◆ How to complete this task ◆
Retype the material that follows exactly, limited to the lines from the one with "dick joke huh?" through the one with "Na av. Goioerê, pedras", and keep out all pictures.

#### Task inputs

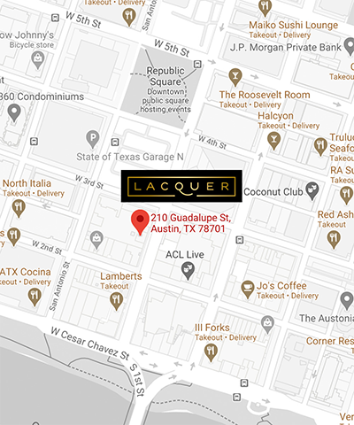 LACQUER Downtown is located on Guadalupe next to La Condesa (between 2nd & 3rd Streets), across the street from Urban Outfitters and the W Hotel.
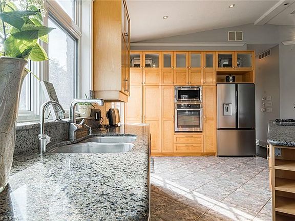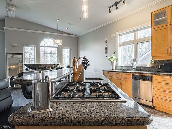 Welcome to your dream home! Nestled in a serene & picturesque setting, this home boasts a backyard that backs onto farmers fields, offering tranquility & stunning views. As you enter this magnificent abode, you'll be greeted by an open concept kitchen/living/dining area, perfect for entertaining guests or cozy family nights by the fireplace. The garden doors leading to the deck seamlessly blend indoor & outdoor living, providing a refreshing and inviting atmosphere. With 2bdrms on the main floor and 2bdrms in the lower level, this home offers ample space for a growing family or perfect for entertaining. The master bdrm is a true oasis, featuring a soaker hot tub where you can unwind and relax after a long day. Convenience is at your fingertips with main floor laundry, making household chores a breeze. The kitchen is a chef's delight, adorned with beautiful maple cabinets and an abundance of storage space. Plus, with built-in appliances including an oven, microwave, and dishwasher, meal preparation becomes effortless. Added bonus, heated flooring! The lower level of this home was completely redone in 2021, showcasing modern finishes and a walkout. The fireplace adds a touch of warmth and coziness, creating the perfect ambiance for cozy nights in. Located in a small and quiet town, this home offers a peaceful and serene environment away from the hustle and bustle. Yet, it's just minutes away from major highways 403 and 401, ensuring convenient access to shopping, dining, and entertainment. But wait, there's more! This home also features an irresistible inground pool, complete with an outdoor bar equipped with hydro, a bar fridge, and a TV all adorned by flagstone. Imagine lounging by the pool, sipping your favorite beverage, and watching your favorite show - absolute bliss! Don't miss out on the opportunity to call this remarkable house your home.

########
#### Task inputs

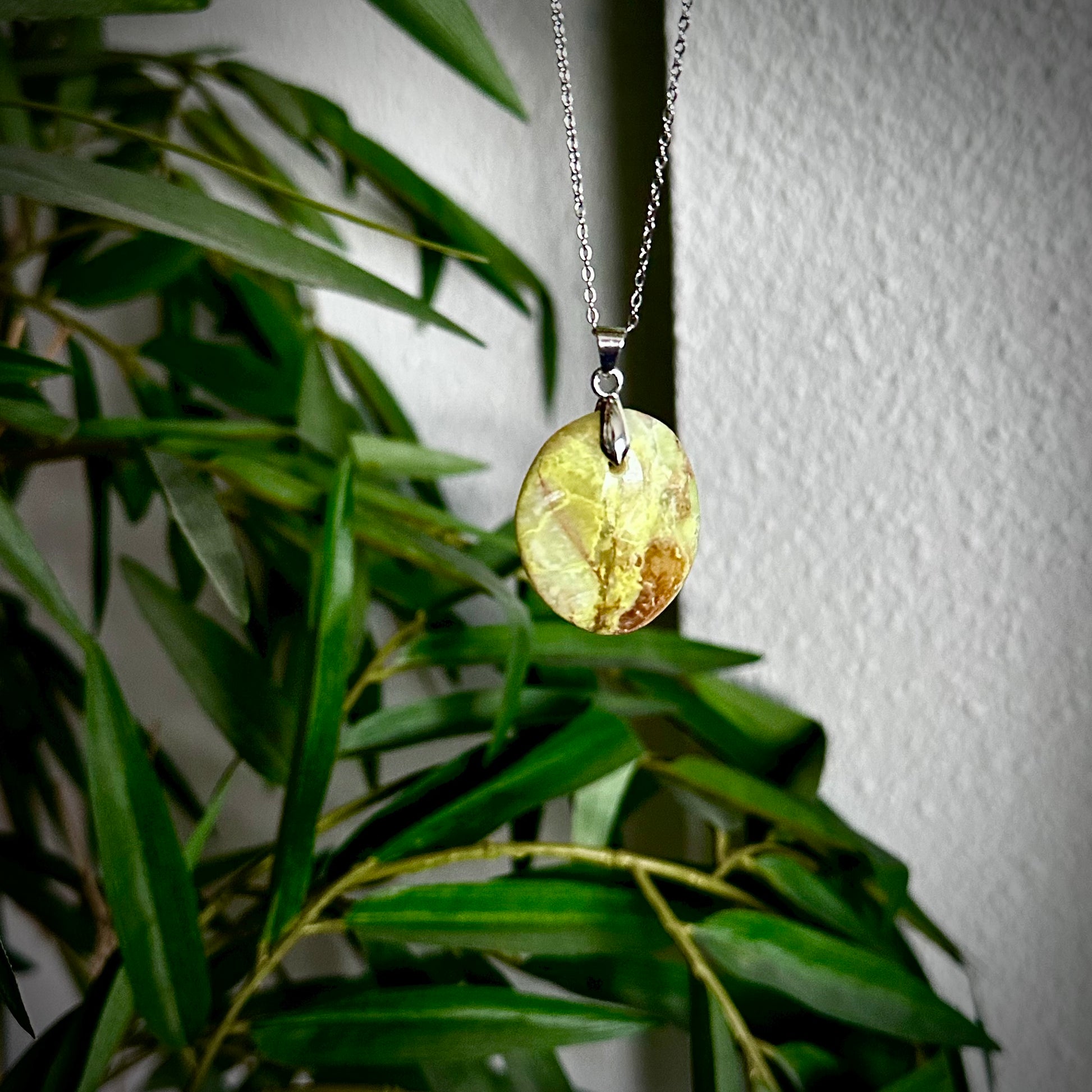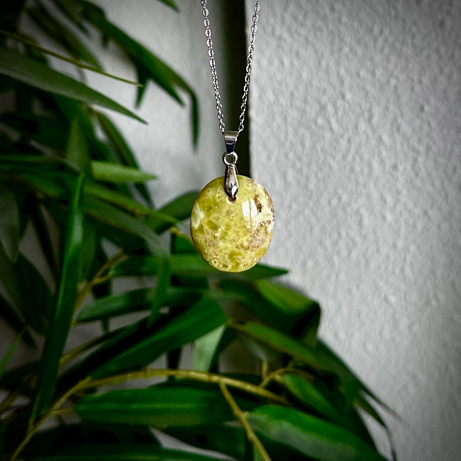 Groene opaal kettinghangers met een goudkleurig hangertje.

########
#### Task inputs

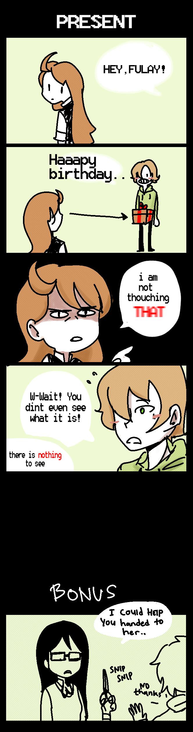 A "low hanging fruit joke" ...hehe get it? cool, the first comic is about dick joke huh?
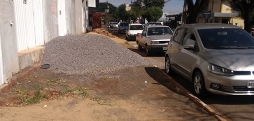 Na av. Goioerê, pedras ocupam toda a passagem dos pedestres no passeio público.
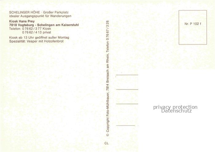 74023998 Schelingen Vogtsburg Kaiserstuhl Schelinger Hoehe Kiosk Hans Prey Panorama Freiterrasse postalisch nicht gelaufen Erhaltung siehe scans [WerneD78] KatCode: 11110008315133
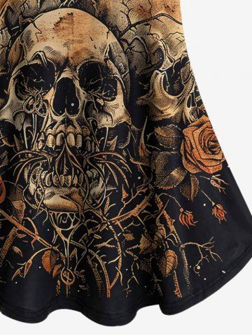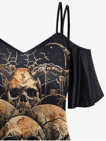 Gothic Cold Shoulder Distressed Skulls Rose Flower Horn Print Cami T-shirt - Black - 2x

########

◆ Result ◆
 A "low hanging fruit joke" ...hehe get it? cool, the first comic is about dick joke huh?
 Na av. Goioerê, pedras ocupam toda a passagem dos pedestres no passeio público.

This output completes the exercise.